**EXERCISE AIM**
Each entry below must be given again word for word, with no pictures.

....

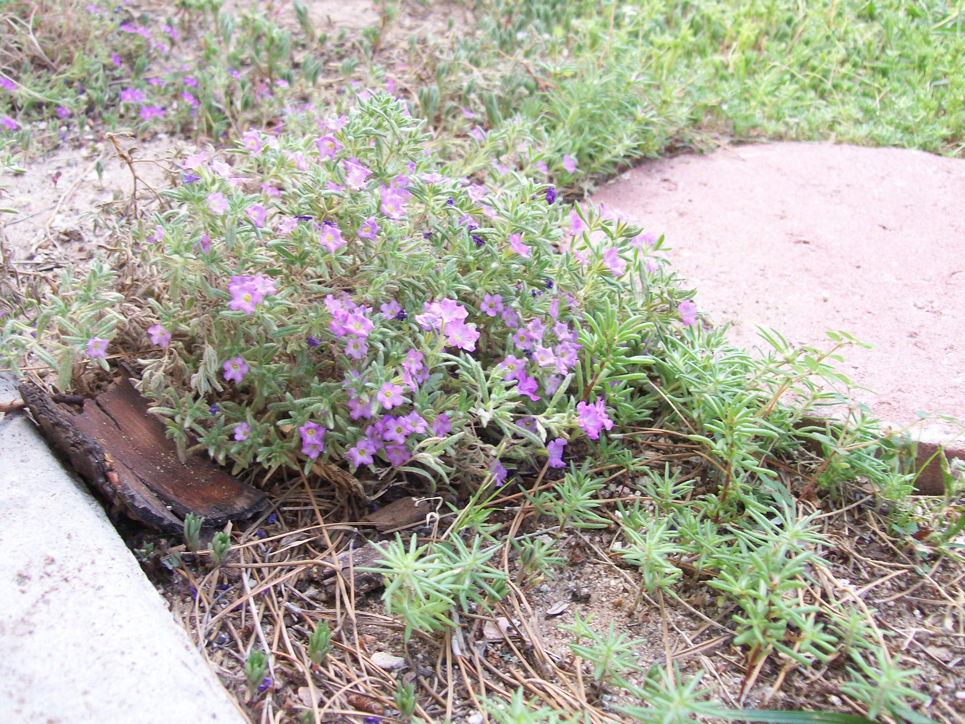 Other weeds I have reclassified as wildflowers. One of these is purple mat (Nama hispidum). When we have a wet winter, which we did not this year, this low plant shows up across the desert where I walk. In my yard, it likes the shady spots where moisture lasts a little longer. I had to go out early to get a picture of it in the sun. And even so, you can hardly make out the purple flowers.
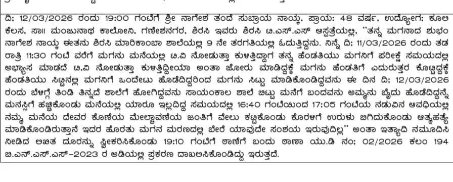 ಶಿರಸಿ: ಮನೆಯಲ್ಲಿ ಮೊಬೈಲ್, ಟಿವಿ ನೋಡುತ್ತಾ ಕಾಲ ಕಳೆಯುತಿದ್ದ ಮಗನಿಗೆ ತಾಯಿ ಬುದ್ದಿವಾದ ಹೇಳಿದ್ದಕ್ಕೆ ಮಗ ತಾಯಿಗೆ ಎದರು ಉತ್ತರ ಕೊಟ್ಟಿದ್ದ .ಈ ಹಿನ್ನಲೆಯಲ್ಲಿ ತಾಯಿ ಮಗನಿಗೆ ಎರಡು ಹೊಡತ ಕೊಟ್ಟು ಓದಿಕೊಳ್ಳುವಂತೆ ಬುದ್ಧಿವಾದ ಹೇಳಿದ್ದಕ್ಕೆ ಮನನೊಂದು 9ನೇ ತರಗತಿ ವಿದ್ಯಾರ್ಥಿ ನೇಣಿಗೆ ಶರಣಾದ ಘಟನೆ ಉತ್ತರ ಕನ್ನಡ ಜಿಲ್ಲೆಯ ಶಿರಸಿ ಗಣೇಶನಗರದಲ್ಲಿ ಸಂಬವಿಸಿದೆ.
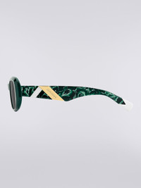 Triangle-shaped decorations on temples combine texture and solid inserts with metal details for a three-dimensional effect. MORE DETAILS - Solid tint polyester lens - Acetate front - Acetate temple - Lens width 52mm - Bridge size 20mm - Temple length 140mm Composition: EXTERNAL:100%Acetate; INSERTS:100%Acetate Made in: China Product ID LS25S003BV008BS6140
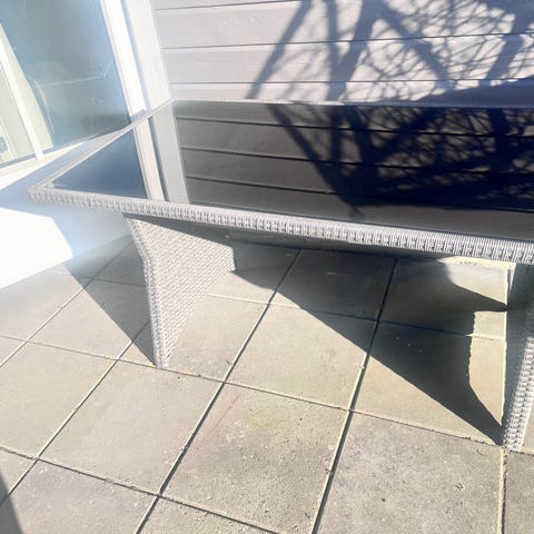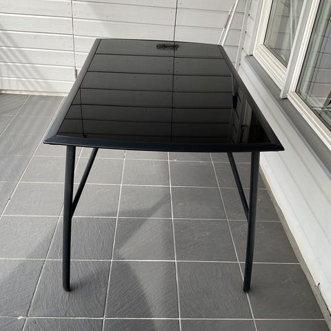Det er små rustflekker på hagebordet , men disse er ikke sjenerende.
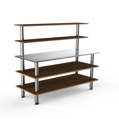 Mogogo Buffet Solutions Modular Back Bar Station, 3-tier, 71" x 29-1/2" x 60-1/2"H, rectangular, stainless steel work surface, (2) back shelves, Bengali mango wood BHP high pressure laminate with bamboo core top, brushed stainless steel legs, knockdown (s
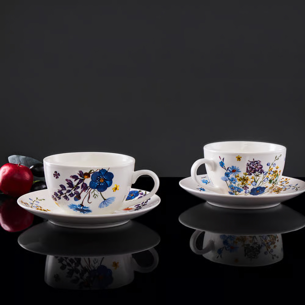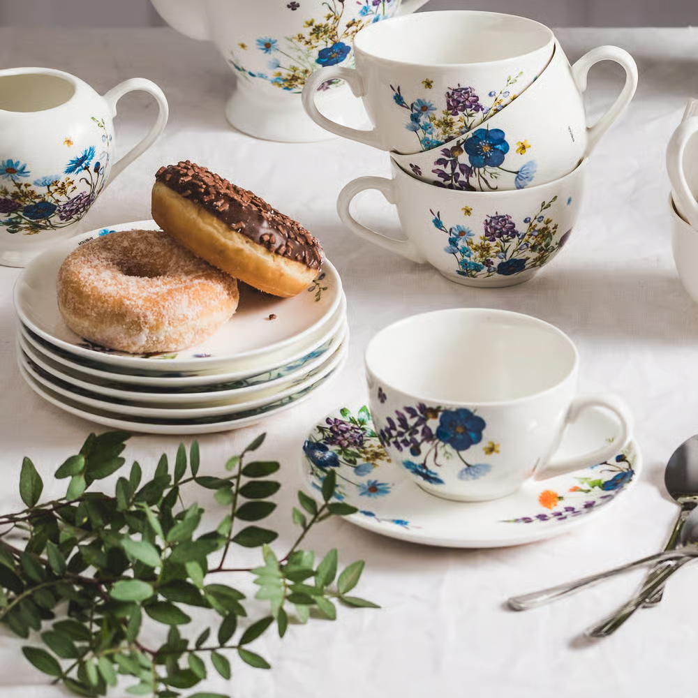 Elegantiškas kavos puodelių rinkinys „Fiori“ pagamintas iš aukštos kokybės porceliano, padengto glazūra, kuri užtikrina didesnį atsparumą įbrėžimams ir kasdieniam naudojimui. Puodeliai dekoruoti subtiliu laukinių gėlių raštu, o balta porceliano spalva su švelniais gėlių motyvais sukuria stilingą ir pavasarišką atmosferą.
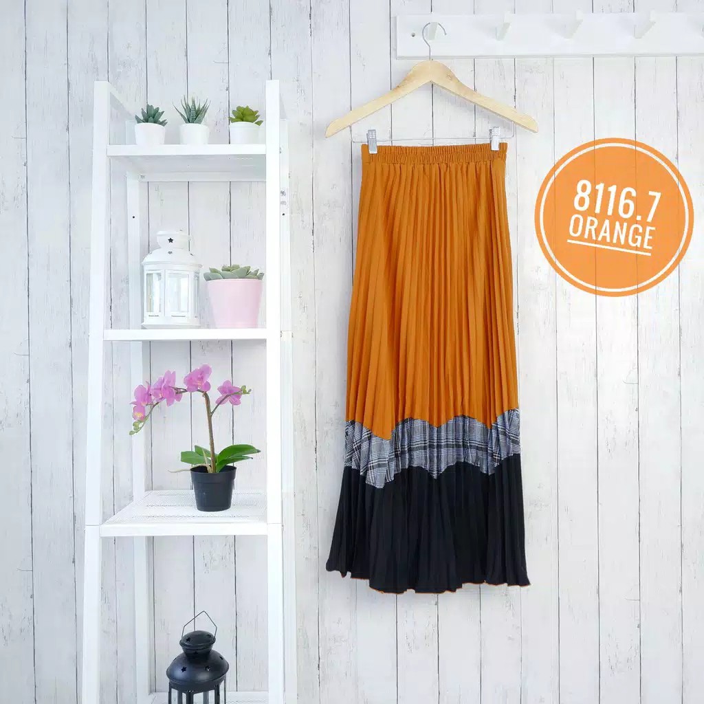 Name: V8116 - Rok Plisket Wanita Pleats Skirt Kombinasi Warna Two Tone
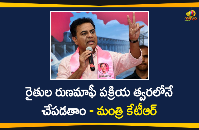టిఆర్ఎస్ వర్కింగ్ ప్రెసిడెంట్, రాష్ట్ర ఐటీ, పరిశ్రమలు, మున్సిపల్ శాఖ మంత్రి కేటీఆర్ మార్చ్ 2, సోమవారం నాడు తెలంగాణ భవన్ లో కొత్తగా ఎన్నికైన డీసీసీబీ, డీసీఎంఎస్ ఛైర్మన్లు, వైస్ ఛైర్మన్లతో సమావేశమయ్యారు. ఈ సందర్భంగా మాట్లాడుతూ, తెలంగాణలో రైతుల రుణమాఫీ పక్రియను త్వరలోనే చేపడతామని పేర్కొన్నారు. రుణమాఫీ ప్రక్రియ ప్రారంభించాలని ముఖ్యమంత్రి కేసీఆర్ ఆదేశాలు ఇచ్చారని, త్వరలోనే రైతు రుణమాఫీ జరుగుతుందని ఈ విషయంలో రైతులెవరూ ఆందోళన చెందవద్దని తెలిపారు. దేశంలో రైతులకు మొట్టమొదటిసారిగా రైతుబీమా, రైతుబంధు వంటి పథకాలను అందుబాటులోకి తెచ్చిన తొలి రాష్ట్రం తెలంగాణనే అన్నారు. రైతుల సంక్షేమం కోసం రాష్ట్ర ప్రభుత్వం ఎంత ఖర్చుకైనా వెనుకాడటం లేదని చెప్పారు. అలాగే తెలంగాణ ప్రభుత్వం ప్రతిష్టాత్మకంగా ప్రవేశపెట్టిన రైతు సమన్వయ సమితి పేరును త్వరలోనే రైతుబంధు సమితిలుగా మార్చబోతున్నట్లు మంత్రి కేటీఆర్ స్పష్టం చేశారు.

....

**SOLUTION BELOW**
 Other weeds I have reclassified as wildflowers. One of these is purple mat (Nama hispidum). When we have a wet winter, which we did not this year, this low plant shows up across the desert where I walk. In my yard, it likes the shady spots where moisture lasts a little longer. I had to go out early to get a picture of it in the sun. And even so, you can hardly make out the purple flowers.
 ಶಿರಸಿ: ಮನೆಯಲ್ಲಿ ಮೊಬೈಲ್, ಟಿವಿ ನೋಡುತ್ತಾ ಕಾಲ ಕಳೆಯುತಿದ್ದ ಮಗನಿಗೆ ತಾಯಿ ಬುದ್ದಿವಾದ ಹೇಳಿದ್ದಕ್ಕೆ ಮಗ ತಾಯಿಗೆ ಎದರು ಉತ್ತರ ಕೊಟ್ಟಿದ್ದ .ಈ ಹಿನ್ನಲೆಯಲ್ಲಿ ತಾಯಿ ಮಗನಿಗೆ ಎರಡು ಹೊಡತ ಕೊಟ್ಟು ಓದಿಕೊಳ್ಳುವಂತೆ ಬುದ್ಧಿವಾದ ಹೇಳಿದ್ದಕ್ಕೆ ಮನನೊಂದು 9ನೇ ತರಗತಿ ವಿದ್ಯಾರ್ಥಿ ನೇಣಿಗೆ ಶರಣಾದ ಘಟನೆ ಉತ್ತರ ಕನ್ನಡ ಜಿಲ್ಲೆಯ ಶಿರಸಿ ಗಣೇಶನಗರದಲ್ಲಿ ಸಂಬವಿಸಿದೆ.
 Triangle-shaped decorations on temples combine texture and solid inserts with metal details for a three-dimensional effect. MORE DETAILS - Solid tint polyester lens - Acetate front - Acetate temple - Lens width 52mm - Bridge size 20mm - Temple length 140mm Composition: EXTERNAL:100%Acetate; INSERTS:100%Acetate Made in: China Product ID LS25S003BV008BS6140
Det er små rustflekker på hagebordet , men disse er ikke sjenerende.
 Mogogo Buffet Solutions Modular Back Bar Station, 3-tier, 71" x 29-1/2" x 60-1/2"H, rectangular, stainless steel work surface, (2) back shelves, Bengali mango wood BHP high pressure laminate with bamboo core top, brushed stainless steel legs, knockdown (s
 Elegantiškas kavos puodelių rinkinys „Fiori“ pagamintas iš aukštos kokybės porceliano, padengto glazūra, kuri užtikrina didesnį atsparumą įbrėžimams ir kasdieniam naudojimui. Puodeliai dekoruoti subtiliu laukinių gėlių raštu, o balta porceliano spalva su švelniais gėlių motyvais sukuria stilingą ir pavasarišką atmosferą.
 Name: V8116 - Rok Plisket Wanita Pleats Skirt Kombinasi Warna Two Tone
టిఆర్ఎస్ వర్కింగ్ ప్రెసిడెంట్, రాష్ట్ర ఐటీ, పరిశ్రమలు, మున్సిపల్ శాఖ మంత్రి కేటీఆర్ మార్చ్ 2, సోమవారం నాడు తెలంగాణ భవన్ లో కొత్తగా ఎన్నికైన డీసీసీబీ, డీసీఎంఎస్ ఛైర్మన్లు, వైస్ ఛైర్మన్లతో సమావేశమయ్యారు. ఈ సందర్భంగా మాట్లాడుతూ, తెలంగాణలో రైతుల రుణమాఫీ పక్రియను త్వరలోనే చేపడతామని పేర్కొన్నారు. రుణమాఫీ ప్రక్రియ ప్రారంభించాలని ముఖ్యమంత్రి కేసీఆర్ ఆదేశాలు ఇచ్చారని, త్వరలోనే రైతు రుణమాఫీ జరుగుతుందని ఈ విషయంలో రైతులెవరూ ఆందోళన చెందవద్దని తెలిపారు. దేశంలో రైతులకు మొట్టమొదటిసారిగా రైతుబీమా, రైతుబంధు వంటి పథకాలను అందుబాటులోకి తెచ్చిన తొలి రాష్ట్రం తెలంగాణనే అన్నారు. రైతుల సంక్షేమం కోసం రాష్ట్ర ప్రభుత్వం ఎంత ఖర్చుకైనా వెనుకాడటం లేదని చెప్పారు. అలాగే తెలంగాణ ప్రభుత్వం ప్రతిష్టాత్మకంగా ప్రవేశపెట్టిన రైతు సమన్వయ సమితి పేరును త్వరలోనే రైతుబంధు సమితిలుగా మార్చబోతున్నట్లు మంత్రి కేటీఆర్ స్పష్టం చేశారు.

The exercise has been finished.